(What to do) The response should repeat word for word every line below from the one with "Välilehtien valikot: Automaattitarkennus" to the one with "anzeigen | |", inclusive, and nothing else; leave pictures out.

:: Extracted information

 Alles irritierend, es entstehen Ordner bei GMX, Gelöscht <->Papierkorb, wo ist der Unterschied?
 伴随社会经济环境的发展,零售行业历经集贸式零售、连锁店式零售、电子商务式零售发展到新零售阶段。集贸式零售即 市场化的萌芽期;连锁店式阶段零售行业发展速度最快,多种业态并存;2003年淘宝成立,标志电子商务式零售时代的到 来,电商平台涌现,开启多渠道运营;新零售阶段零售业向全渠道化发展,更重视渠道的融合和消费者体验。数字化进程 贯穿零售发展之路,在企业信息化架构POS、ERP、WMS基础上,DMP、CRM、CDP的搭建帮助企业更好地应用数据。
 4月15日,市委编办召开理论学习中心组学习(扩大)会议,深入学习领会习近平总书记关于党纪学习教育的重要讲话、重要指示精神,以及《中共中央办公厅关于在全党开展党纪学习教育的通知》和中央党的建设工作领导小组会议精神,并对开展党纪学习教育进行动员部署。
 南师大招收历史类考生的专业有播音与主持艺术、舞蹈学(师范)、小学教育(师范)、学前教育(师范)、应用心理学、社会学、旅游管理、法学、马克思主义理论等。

::::
:: Extracted information

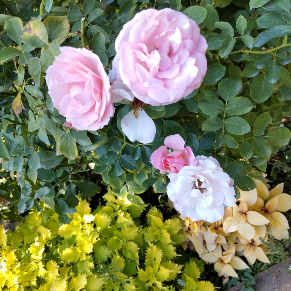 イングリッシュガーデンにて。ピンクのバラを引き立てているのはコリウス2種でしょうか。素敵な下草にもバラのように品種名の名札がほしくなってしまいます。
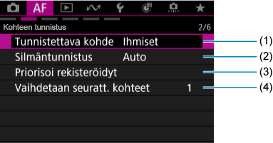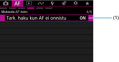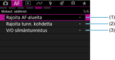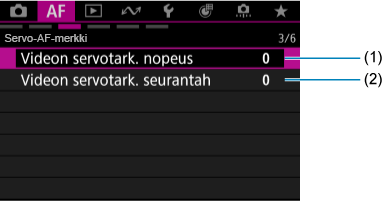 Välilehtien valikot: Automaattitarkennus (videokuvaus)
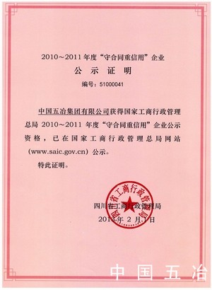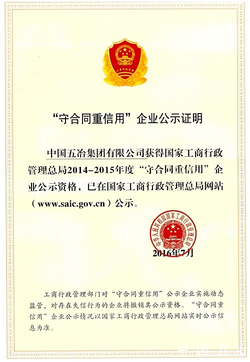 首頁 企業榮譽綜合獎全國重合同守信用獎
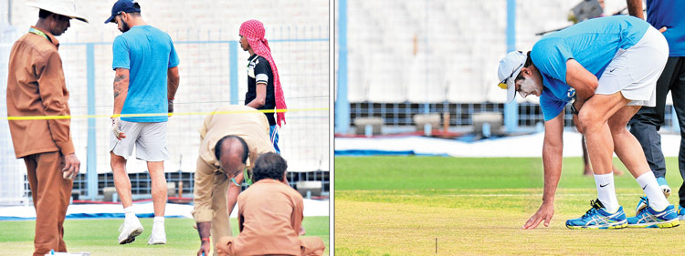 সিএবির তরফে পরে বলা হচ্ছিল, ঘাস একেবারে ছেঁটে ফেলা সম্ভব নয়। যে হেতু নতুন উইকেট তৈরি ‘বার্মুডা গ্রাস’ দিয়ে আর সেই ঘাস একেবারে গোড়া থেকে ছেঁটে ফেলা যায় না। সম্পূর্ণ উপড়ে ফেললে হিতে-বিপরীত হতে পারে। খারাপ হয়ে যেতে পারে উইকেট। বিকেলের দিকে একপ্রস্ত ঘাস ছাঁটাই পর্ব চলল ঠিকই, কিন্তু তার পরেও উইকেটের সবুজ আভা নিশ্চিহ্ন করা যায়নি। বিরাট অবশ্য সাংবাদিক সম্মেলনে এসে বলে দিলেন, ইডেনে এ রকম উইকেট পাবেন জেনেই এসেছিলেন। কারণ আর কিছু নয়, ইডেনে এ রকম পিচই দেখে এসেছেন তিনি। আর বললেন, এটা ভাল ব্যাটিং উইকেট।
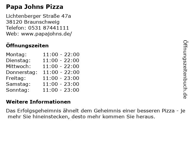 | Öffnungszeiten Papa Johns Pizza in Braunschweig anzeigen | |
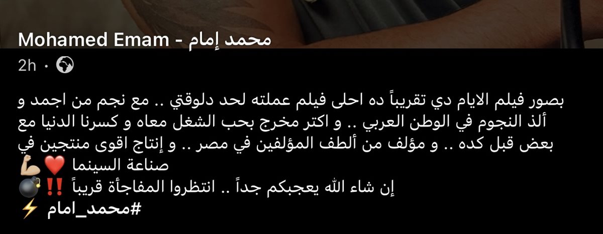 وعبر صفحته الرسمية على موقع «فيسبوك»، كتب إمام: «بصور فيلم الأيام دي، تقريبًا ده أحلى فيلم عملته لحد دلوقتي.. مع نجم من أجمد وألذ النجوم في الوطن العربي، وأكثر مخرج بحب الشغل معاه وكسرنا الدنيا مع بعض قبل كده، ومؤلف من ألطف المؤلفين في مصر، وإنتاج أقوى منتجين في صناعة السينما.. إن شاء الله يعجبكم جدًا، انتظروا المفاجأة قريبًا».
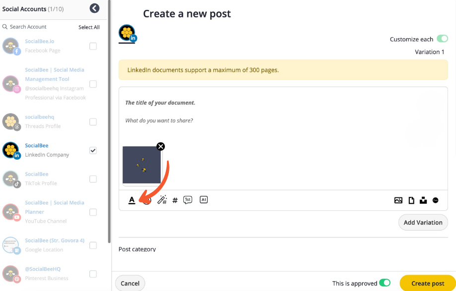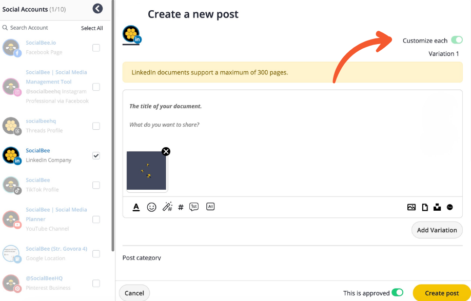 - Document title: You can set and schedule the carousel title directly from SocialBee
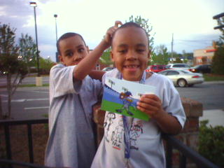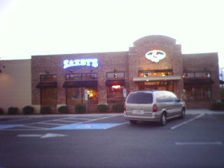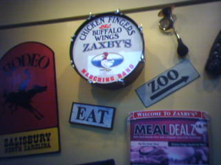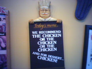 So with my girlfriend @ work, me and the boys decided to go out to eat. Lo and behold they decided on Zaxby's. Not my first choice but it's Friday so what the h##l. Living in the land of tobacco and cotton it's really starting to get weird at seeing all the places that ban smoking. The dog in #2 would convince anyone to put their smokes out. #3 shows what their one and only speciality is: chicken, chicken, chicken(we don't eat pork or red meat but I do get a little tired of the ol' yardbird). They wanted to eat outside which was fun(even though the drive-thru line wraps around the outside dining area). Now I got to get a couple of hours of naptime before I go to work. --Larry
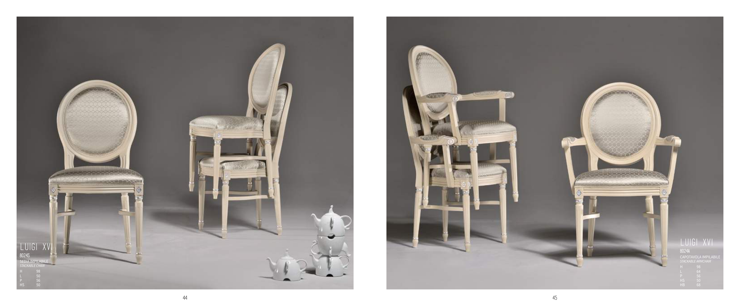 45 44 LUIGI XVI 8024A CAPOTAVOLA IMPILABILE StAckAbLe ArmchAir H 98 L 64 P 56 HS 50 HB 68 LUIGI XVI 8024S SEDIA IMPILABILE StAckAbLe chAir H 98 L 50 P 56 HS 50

::::
:: Extracted information

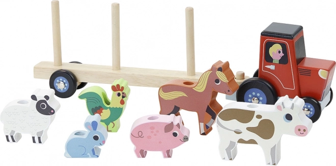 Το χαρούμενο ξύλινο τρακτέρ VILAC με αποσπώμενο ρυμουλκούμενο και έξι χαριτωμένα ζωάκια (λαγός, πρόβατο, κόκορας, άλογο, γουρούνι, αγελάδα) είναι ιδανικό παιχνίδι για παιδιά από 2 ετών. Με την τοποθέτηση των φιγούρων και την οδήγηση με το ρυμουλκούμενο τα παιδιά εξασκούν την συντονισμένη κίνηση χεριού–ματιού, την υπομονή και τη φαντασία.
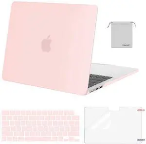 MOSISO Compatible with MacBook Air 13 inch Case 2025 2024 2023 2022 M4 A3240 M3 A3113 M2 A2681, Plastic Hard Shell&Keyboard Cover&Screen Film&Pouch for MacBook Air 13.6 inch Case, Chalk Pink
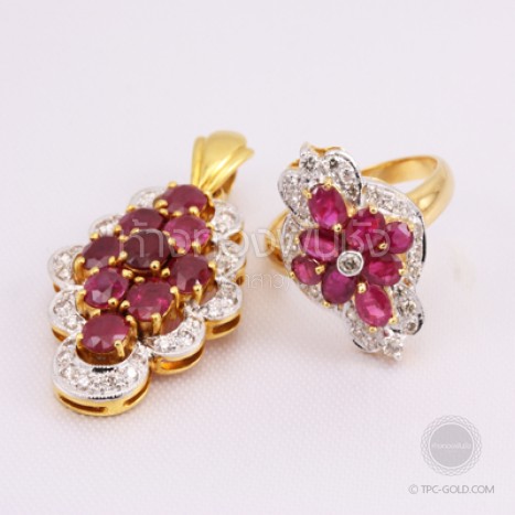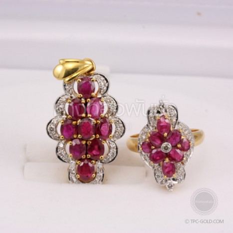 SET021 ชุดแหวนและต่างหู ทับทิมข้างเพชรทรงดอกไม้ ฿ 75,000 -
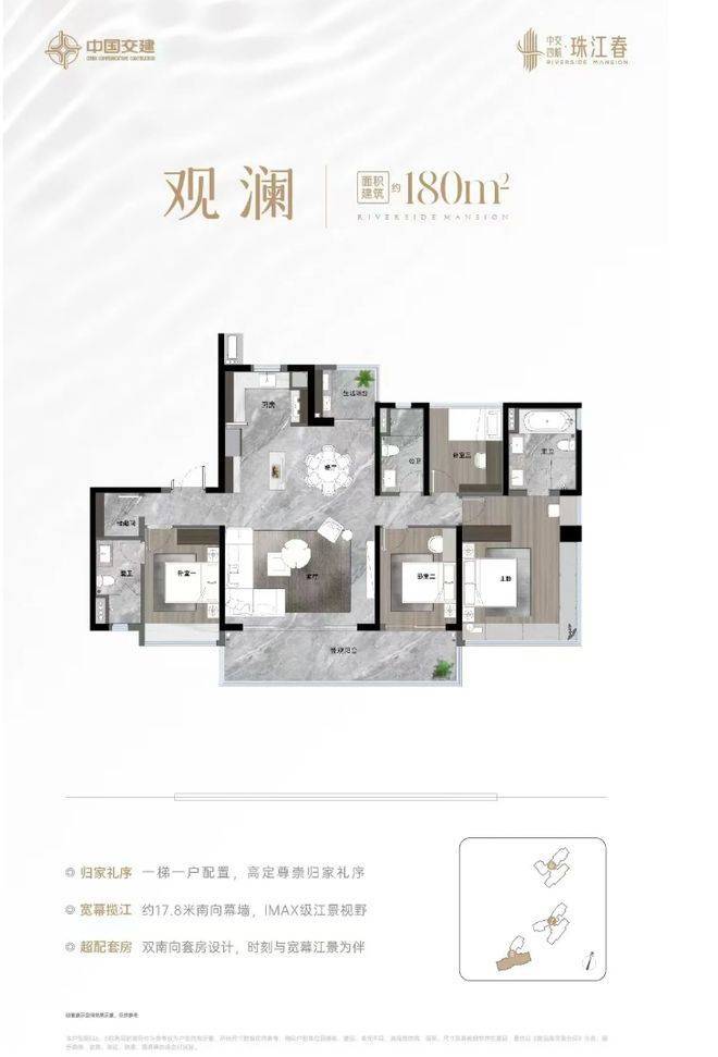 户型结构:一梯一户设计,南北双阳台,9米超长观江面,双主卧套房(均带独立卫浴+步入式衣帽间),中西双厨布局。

::::

(Written answer)
 Välilehtien valikot: Automaattitarkennus (videokuvaus)
 首頁 企業榮譽綜合獎全國重合同守信用獎
 সিএবির তরফে পরে বলা হচ্ছিল, ঘাস একেবারে ছেঁটে ফেলা সম্ভব নয়। যে হেতু নতুন উইকেট তৈরি ‘বার্মুডা গ্রাস’ দিয়ে আর সেই ঘাস একেবারে গোড়া থেকে ছেঁটে ফেলা যায় না। সম্পূর্ণ উপড়ে ফেললে হিতে-বিপরীত হতে পারে। খারাপ হয়ে যেতে পারে উইকেট। বিকেলের দিকে একপ্রস্ত ঘাস ছাঁটাই পর্ব চলল ঠিকই, কিন্তু তার পরেও উইকেটের সবুজ আভা নিশ্চিহ্ন করা যায়নি। বিরাট অবশ্য সাংবাদিক সম্মেলনে এসে বলে দিলেন, ইডেনে এ রকম উইকেট পাবেন জেনেই এসেছিলেন। কারণ আর কিছু নয়, ইডেনে এ রকম পিচই দেখে এসেছেন তিনি। আর বললেন, এটা ভাল ব্যাটিং উইকেট।
 | Öffnungszeiten Papa Johns Pizza in Braunschweig anzeigen | |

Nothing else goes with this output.